#### [Exercise prompt]
Pictures stay out of the copy. Retype exactly the lines below from the one with "战令兑换商店,使用战令币,每" through the one with "マキシ丈キャミソールワンピース+長袖カットソー+長袖プルオーバーブラウス コーディネート3点セット M相当".

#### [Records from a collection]

Segment Open

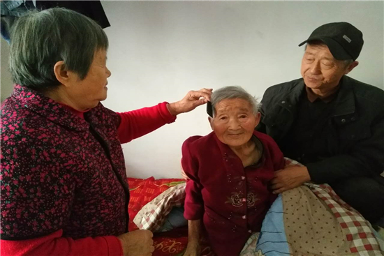如今,王桂英的婆婆也已經(jīng)92歲高齡了,老太太容光煥發(fā),渾身上下干凈利落,這些都離不開王桂英的精心照顧。飲食上,王桂英除了每天堅(jiān)持讓婆婆吃益于老人消化的食物之外,沒給老人斷過水果,天冷的時(shí)候就燙熱了給老人吃。老人愛吃辣,但牙口不好,王桂英就用蒜臼子把蒜瓣、蔥頭搗碎了給婆婆拌菜吃!鞍衬锏媚X梗塞已經(jīng)8年了,好幾回醫(yī)院都給下病危通知書了,多虧了桂英照顧的好才堅(jiān)持下來!闭煞驈堥L順說這句話時(shí),眼中滿是對妻子的敬佩。
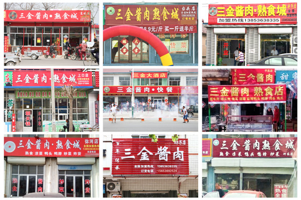 潍坊宋氏三金餐饮管理有限公司是寿光市老字号正规熟食加工企业,三十余味纯??绿色中草药绝密配方,传统的酱肉技术与中草药的完美结合,没有任何香精,添加剂,增香去腻,除腥,去异味,全用天然中草 药,据此制出的酱肉营养健康,味醇郁香浓,色亮鲜嫩,肥而不腻,烂而不化,瘦而不柴,百吃不厌。不仅是一种美味独特的文化,更以其丰厚的利润为众多的经营者创造巨大的商机。 现诚招全国连锁加盟,包教包会,投资少(几千元,几万,几十万均可),见效快,回报高,零风险,无淡季,不受季节影响,永不过时,不被淘汰,市场永不饱和,我们以十多年的产销经验,助您走上创业致富之路! 区域内(寿光以内):加盟金6800元,总部提供料包免费学习技术,免费培训,提供区域保障,提供后续服务,提供新产品开发,名额有限,报名从速!
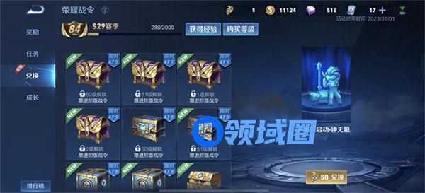 战令兑换商店,使用战令币,每10战令币购买一个宝箱,开启宝箱一定概率获得皮肤,宝箱只有购买进阶战令玩家并且达到战令50级才可以购买。
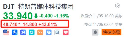 概念股方面,虽然特朗普媒体科技集团(DJT)尾盘跌了,但到了夜盘阶段,随着点票工作开始,共和党的传统票仓开始显示出利好特朗普的结果,DJT直接一路狂涨,攻破20个点、30个点,午后(北京时间)随着特朗普领先优势扩大,DJT涨幅直接飙到43%,并触发熔断而暂停交易。
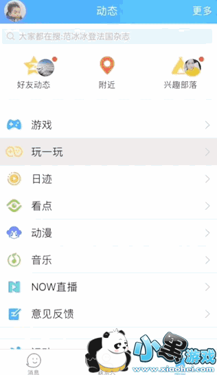 1、进入手机QQ,选择右下方“动态”按钮,在动态列表中第二行可进入“玩一玩”。
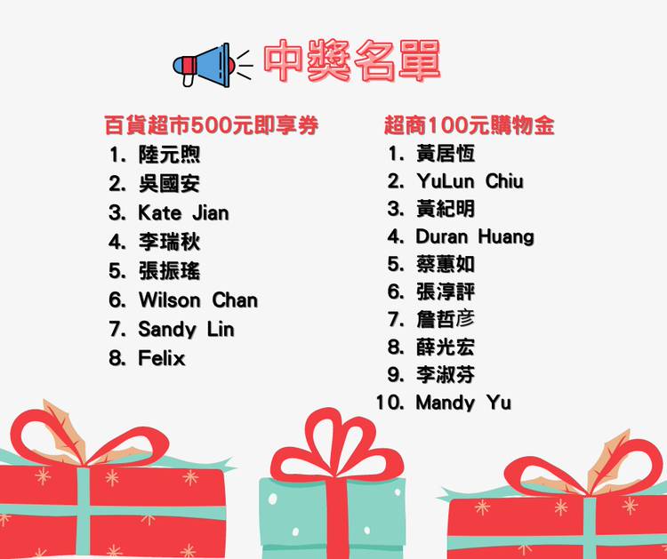 友空間【後疫時代遠距辦公解方】直播活動中獎名單出爐啦~ 感謝大家對活動熱烈的支持~~ 🙂恭喜幸運得主🙂 *溫馨提醒: 1.獎項均為電子禮券,已依中獎者報名活動時留填之Email寄發完畢,請於Email內通知期限內領取,逾期恕不補發。 2.本活動如有未盡事宜,台灣用友擁有保留、修改、暫停及解釋活動內容之權利。
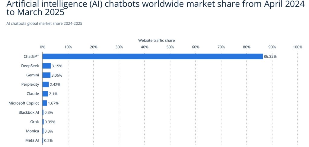 Та при чатботовете абсолютен лидер е ChatGPT. Трафика на Google падна драстично. Макар че се носят слухове, че ChatGTP всъщност “гугълва” вместо нас. От OpenAI не коментират.
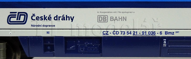 Osobní vůz 2. třídy řady Bmz 241 Českých drah, v barevném provedení Najbrt. Délka přes nárazníky 220 mm, kinematiky krátkého spřáhla se šachtami dle NEM 358, kvalitní dvojkolí, příprava pro montáž osvětlení, vnitřní vybavení.
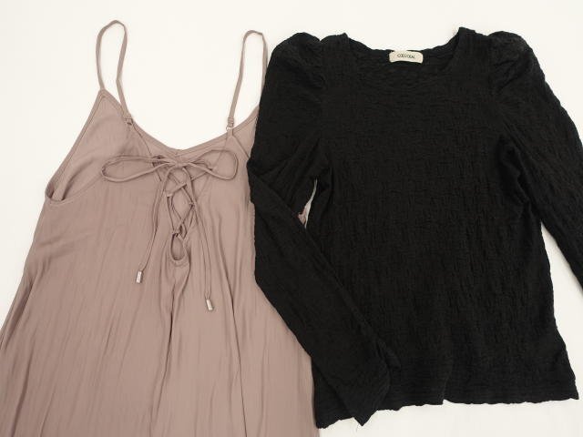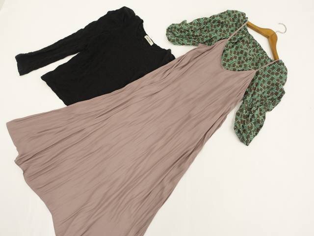 マキシ丈キャミソールワンピース+長袖カットソー+長袖プルオーバーブラウス コーディネート3点セット M相当 ピンク系/ブラック/グリーン系地 ホワイト×ブラウン 花柄 フェミニン系 20代、30代
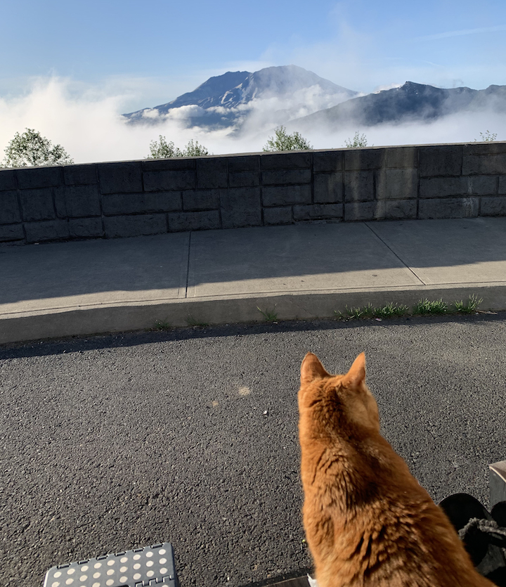 The image on the right is more interesting than a burger joint. It is Mount Saint Helens in Washington. Sophie and I went to slept and awoke in this very spot. It was only the two of us watching sunset and sunrise at this glorious volcanic mountain.
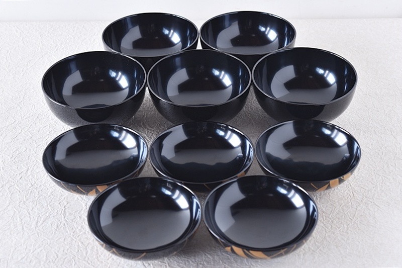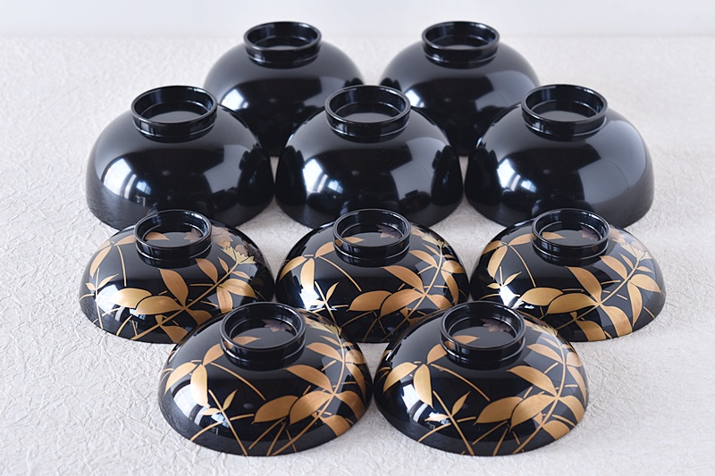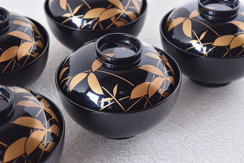 輪島塗 在銘 天然木製漆塗 りんどう蒔絵 角知作 吸物椀 5客セット
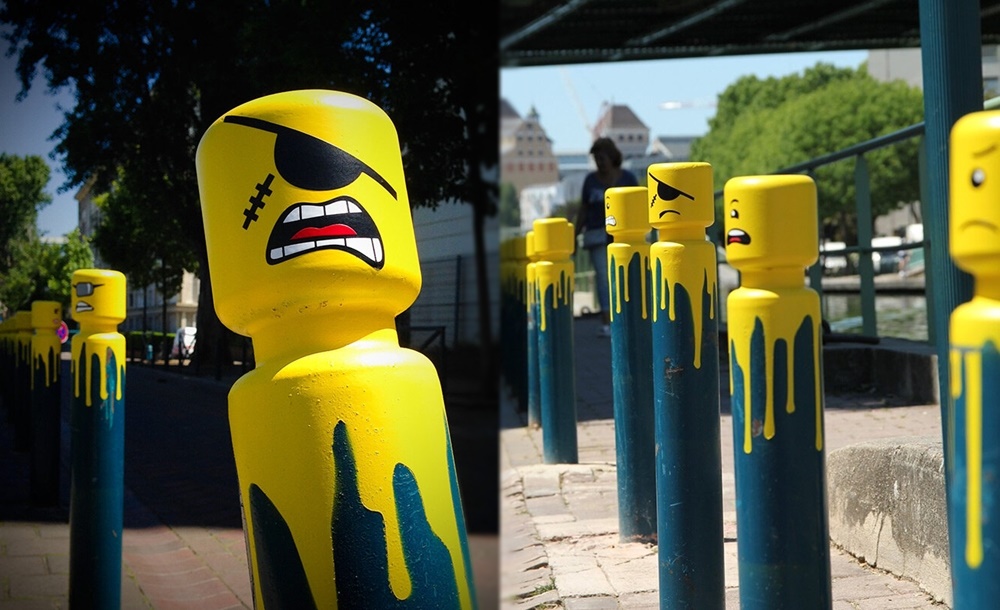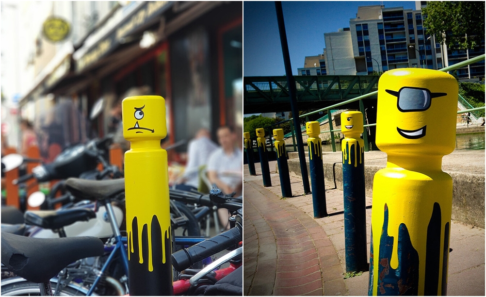 그는 2014년부터 꾸준히 프랑스의 길거리에 있는 볼라드를 밝은 노란색으로 칠해 마치 '레고'처럼 만들고 있는데요. 프랑스 파리의 북동쪽 교외에 위치한 도시 팡탱(Pantin), 파리의 서북부에 위치한 도시 콜롱브(Colombes)와 몽트레유(Montreuil) 등의 도시에서 주로 활동해왔습니다.
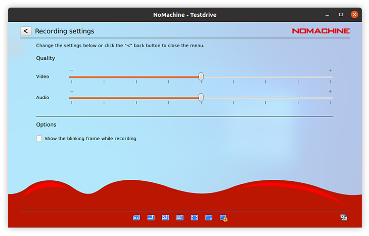 | When two or more users are sharing the same desktop and all are recording but with different quality settings, NoMachine will choose the lowest quality among them. To identify when recording is taking place, check the 'blinking frame' box. |
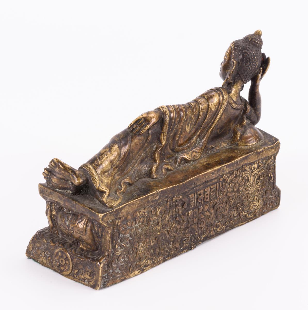 Reliefierter Sockel mit stilisierten Buddhas und Elefanten, auf der Rückseite florales Ornament mit Schriftzug in Sanskrit(?). Seitlich liegender Buddha mit aufgestütztem Kopf. Altersspuren.
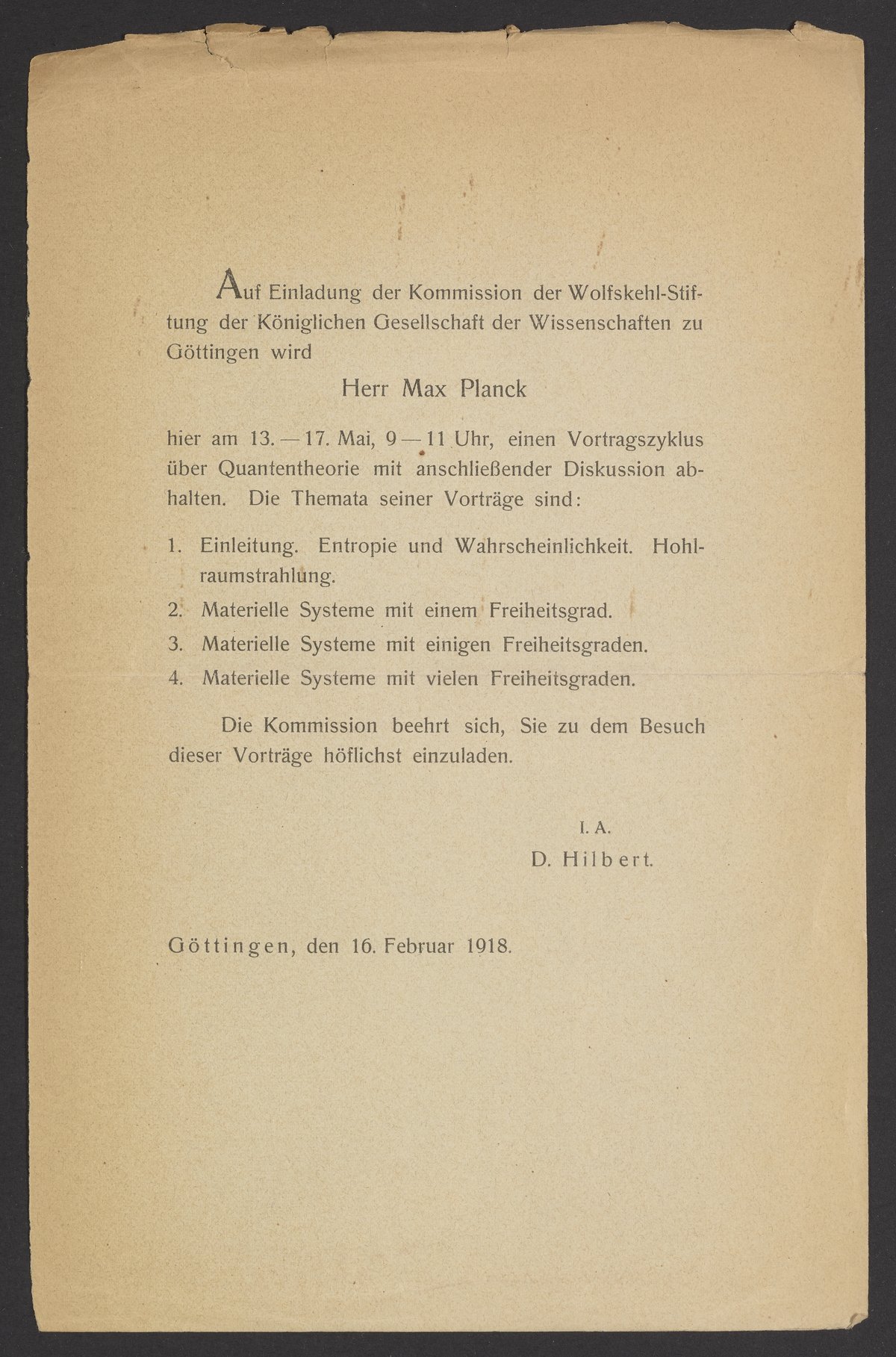 Invitation to lectures by Max Planck (1858- 1947) from the Wolfskehl Foundation Commission of the Royal Society of Sciences in Gottingen.
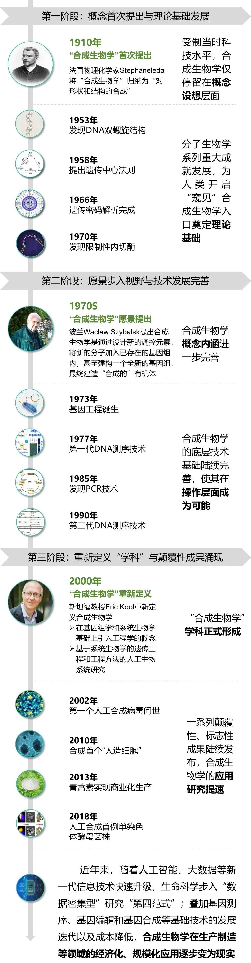 合成生物學(xué)自概念提出到現(xiàn)在發(fā)展歷史已超百年。最早可溯源至19世紀(jì)中葉合成化學(xué)的出現(xiàn)打破無機(jī)物和有機(jī)物的界限,推翻“生命力論”,顛覆了人類對生命體(動物、植物、微生物等)的認(rèn)知。此后,“細(xì)胞學(xué)說”“生物化學(xué)”“遺傳學(xué)說”等相繼提出,人類從細(xì)胞層面、分子層面實(shí)現(xiàn)對生命體認(rèn)識的飛躍,合成生物學(xué)亦隨之演化??傮w看,合成生物學(xué)發(fā)展歷程大致可分為三大階段:
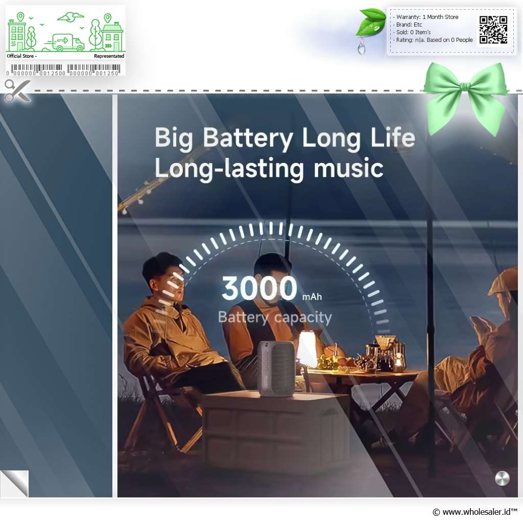 | Daya Tahan Hingga 15 Jam Speaker ini dilengkapi baterai berkapasitas 3000 mAh yang memungkinkan pemutaran musik hingga 15 jam nonstop (tergantung volume dan penggunaan). Pengisian cepat dengan voltase DC 5 V, dan tegangan kerja 3.7 V, membuatnya mudah diisi ulang kapan saja. |
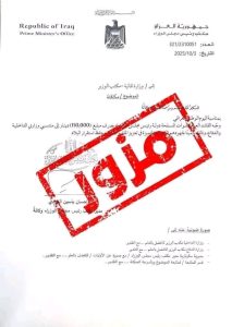 وذكر المكتب الإعلامي لرئاسة الوزراء في بيان تلقته (الغدير) أن “الكتاب المنسوب إلى مكتب رئيس مجلس الوزراء والموجه بصرف هذا المبلغ مزور ولا أساس له من الصحة، وقد تم نفيه رسميًا من الجهات المختصة” .
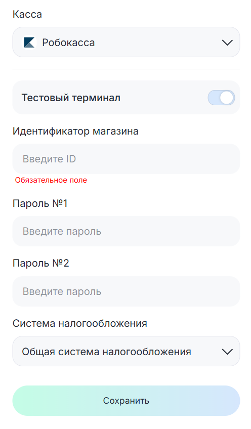 - Идентификатор магазина или ID терминала — введите ID магазина для Робокассы или терминала для Т-банка;

Segment Closed

#### [Answer to this exercise]
 战令兑换商店,使用战令币,每10战令币购买一个宝箱,开启宝箱一定概率获得皮肤,宝箱只有购买进阶战令玩家并且达到战令50级才可以购买。
 概念股方面,虽然特朗普媒体科技集团(DJT)尾盘跌了,但到了夜盘阶段,随着点票工作开始,共和党的传统票仓开始显示出利好特朗普的结果,DJT直接一路狂涨,攻破20个点、30个点,午后(北京时间)随着特朗普领先优势扩大,DJT涨幅直接飙到43%,并触发熔断而暂停交易。
 1、进入手机QQ,选择右下方“动态”按钮,在动态列表中第二行可进入“玩一玩”。
 友空間【後疫時代遠距辦公解方】直播活動中獎名單出爐啦~ 感謝大家對活動熱烈的支持~~ 🙂恭喜幸運得主🙂 *溫馨提醒: 1.獎項均為電子禮券,已依中獎者報名活動時留填之Email寄發完畢,請於Email內通知期限內領取,逾期恕不補發。 2.本活動如有未盡事宜,台灣用友擁有保留、修改、暫停及解釋活動內容之權利。
 Та при чатботовете абсолютен лидер е ChatGPT. Трафика на Google падна драстично. Макар че се носят слухове, че ChatGTP всъщност “гугълва” вместо нас. От OpenAI не коментират.
 Osobní vůz 2. třídy řady Bmz 241 Českých drah, v barevném provedení Najbrt. Délka přes nárazníky 220 mm, kinematiky krátkého spřáhla se šachtami dle NEM 358, kvalitní dvojkolí, příprava pro montáž osvětlení, vnitřní vybavení.
 マキシ丈キャミソールワンピース+長袖カットソー+長袖プルオーバーブラウス コーディネート3点セット M相当 ピンク系/ブラック/グリーン系地 ホワイト×ブラウン 花柄 フェミニン系 20代、30代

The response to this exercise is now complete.